Diagnosi precoce delle malattie neurodegenerative grazie alle nuove sonde molecolari disegnate al computer

Lo studio

Diagnosi precoce delle malattie neurodegenerative grazie alle nuove sonde molecolari disegnate al computer

di redazione

Sono “esperte di pedinamento”, si mettono sulle tracce del bersaglio e lo seguono passo dopo passo lungo l’intero percorso, cogliendolo in flagrante  nel  momento in cui comincia fare danni. Si comportano così le sonde molecolari che monitorano i movimenti della proteina TDP-43 la cui funzionalità risulta alterata in varie malattie neurodegenerative, come per esempio la sclerosi laterale amiotrofica e la demenza frontotemporale. Le sonde possono essere utilizzate per studiare il comportamento di tale proteina all’interno delle cellule e la loro azione è stata validata in collaborazione con i ricercatori dell’Università La Sapienza, il Centre for Genomic Regulation a Barcellona, Università di Edimburgo e il Kings College a Londra. 

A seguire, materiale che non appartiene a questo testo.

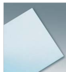
⑱ Protective Film This self-adhesive, clear film can be cut to fit any area of paintwork, to help prevent scratches.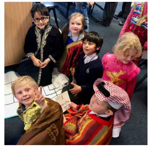
Learning about Saudi Arabian culture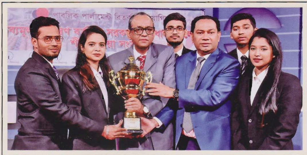
Prime University team became Champion

Le sonde, descritte su Nature Communications, sono state realizzate dal laboratorio di RNA Systems Biology dell’IIT a Genova tramite una progettazione a computer che ha permesso la creazione di una molecola di RNA capace di legarsi a una specifica proteina associata a processi di neurodegenerazione, la TDP-43 che si aggrega in masse informi e non solubili all’interno dei neuroni, alterandone il metabolismo e la funzione cellulare. Grazie a questa tecnologia si può monitorare il processo di aggregazione della proteina TDP-43 all’interno delle cellule neuronali, fino dai primi stadi.  

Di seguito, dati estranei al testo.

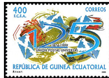
UPU, 125th Anniv. (in 1999) A96

2000 239 Horiz. strip of 4 4.50 4.50 a.-d. A95 400fr Any single 1.10 1.10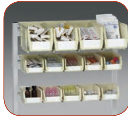
Bulk Storage Bins

«Attraverso l’uso dei nostri algoritmi, abbiamo disegnato degli aptameri di RNA specifici per la proteina TDP-43, e abbiamo osservato la loro interazione con la proteina durante i processi di aggregazione attraverso tecniche di microscopia avanzata. Siamo in grado di identificare aggregati di TDP-43 molto piccoli, di circa 10 nanometri, che, per quanto ci risulta, la migliore risoluzione mai ottenuta fino ad oggi», spiega Gian Gaetano Tartaglia, responsabile del Laboratorio di RNA Systems Biology dell’IIT a Genova. 

Gli aptameri potranno essere sfruttati per lo sviluppo di tecniche diagnostiche precoci per tali malattie.

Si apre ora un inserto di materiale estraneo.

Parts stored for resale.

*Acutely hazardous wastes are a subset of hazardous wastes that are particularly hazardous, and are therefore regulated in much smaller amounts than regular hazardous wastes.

«Abbiamo dimostrato che i nostri aptameri di RNA possono essere usati per monitorare in tempo reale la posizione della proteina TDP-43 in cellule vive, sia nella sua forma solubile e fisiologica che in quelle aggregate e patologiche di dimensioni variabili, tra cui quelle non visibili con metodi standard», aggiunge Elsa Zacco, prima autrice della ricerca.

Lo studio è stato realizzato dai ricercatori di IIT Elsa Zacco, Alexandros Armaos e Gian Gaetano Tartaglia (ricercatore anche all’Università La Sapienza), con la partecipazione del gruppo guidato da Mathew Horrocks all’Università di Edimburgo e Annalisa Pastore al King’s College di Londra.